MIRACULOUS PROGRESS...

No doubt you have been wondering about my work on the "Miracle Kit" since I last posted about it some time ago.  This is a badly-neglected Japanese-made drum set that I found on Ebay and decided to try restoring it.  I have indeed made quite a bit of progress although the process has been slow, tedious and somewhat vexing.

As you can see in this "Before" photo if you would just take the time to click on it and look, not only was the hardware old, rusty and pitted, but quite a few items were missing: floor tom legs, bass drum spurs, a wooden hoop and all the "T's and claws."

These were problems that I thought I would remedy by simply replacing the existing hardware.  But, darn those Japanese, they just had to be different when it came to lug sizes, tension rod threads and stuff like that.  After many, many hours of searching I just could not find any new hardware to match the existing.  So I decided I would just replace the hardware with new hardware that looked relatively similar but, darn those Japanese, I found it impossible to find any hardware that would fit the existing holes.

After long hours of deep contemplation and a few sleepless nights mulling over my options I came to the conclusion that I would just have to clean up this kit as best I could and go with it.  I could have gone to all the trouble of drilling new holes in the shells to make new hardware fit but I kept remembering my advice to others: NEVER drill new holes!!!  I decided the decrepit state of the chrome on this set would be far less devaluing than the presence of a hundred new holes.  The existing hardware would have to remain.  It wouldn't look any worse than the splotchy, discolored wrap anyway.


Here is where I am now.  The two toms and the snare have been cleaned, re-headed and reassembled.  I found some floor tom legs, but then ran into problems with the leg mounts which are again, Japanese!  The wing nuts are missing and are unfortunately some strange size and threading that I was unable to match.  Therefore I am replacing the eye-bolts with ones with threads I can deal with.

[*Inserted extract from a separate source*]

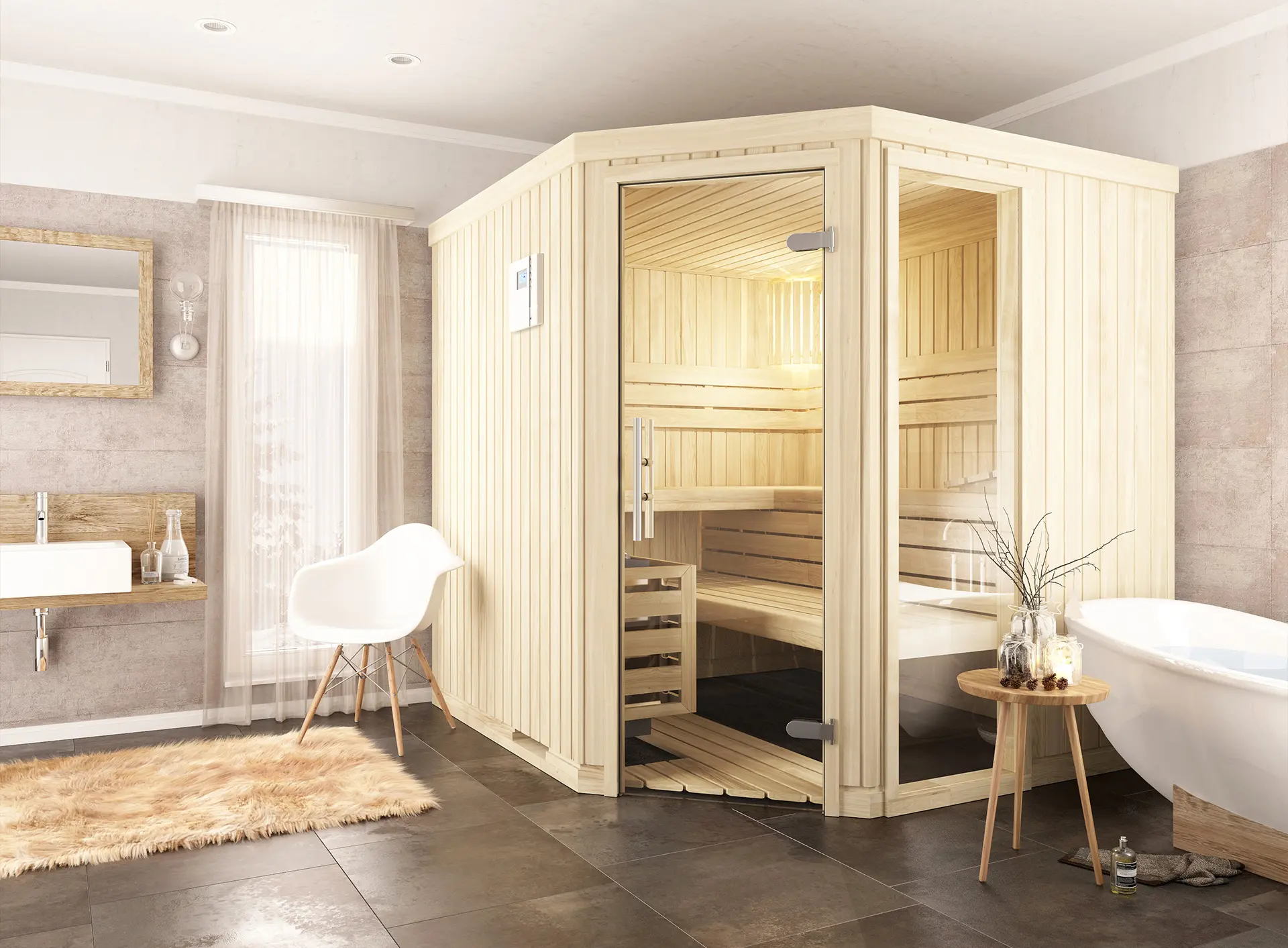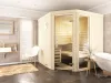 Designed for corner installation, the CLASSIC-C with corner entry offers a smart layout that saves space while maintaining a generous interior feel. Its angled design allows for flexible placement in compact rooms, and the natural wood finish adds warmth and elegance. With ergonomic benches and thoughtful detailing, this model is ideal for homeowners seeking a practical yet stylish sauna experience.

The bass drum is still under construction due to more hardware problems.  The tension rods required to make this drum function have to be an extra-long seven inches to reach the single row of double-headed lugs mounted around the perimeter of the shell.  They also have to be an odd Japanese thread in order to fit the existing swivel nuts in the lugs.  Finding tension rods with these specifications would prove to be a hopeless search, and finding any tension rods of the proper length was difficult enough.  I did manage to find some, but only if I bought twice as many as I needed and paid four times what I wanted to pay.  Such is life as it plays out on Ebay sometimes, so I am now waiting for these rods to arrive, along with new swivel nuts to replace the Japanese ones so the rods will fit.  Hopefully this will all work out in the end.

The bass drum spurs I had to fashion myself, as ONCE AGAIN the dad-ratted Japanese thought it would be friggin' hilarious to make their spur mounts with slightly smaller 5/16" holes instead of 3/8" like everyone else in America.  Therefore no spurs I could find would fit unless I made them myself (or replaced the mounts altogether which I didn't want to do).  So now I am also waiting on some special 5/16" rubber tips to put on the ends of my homemade spurs.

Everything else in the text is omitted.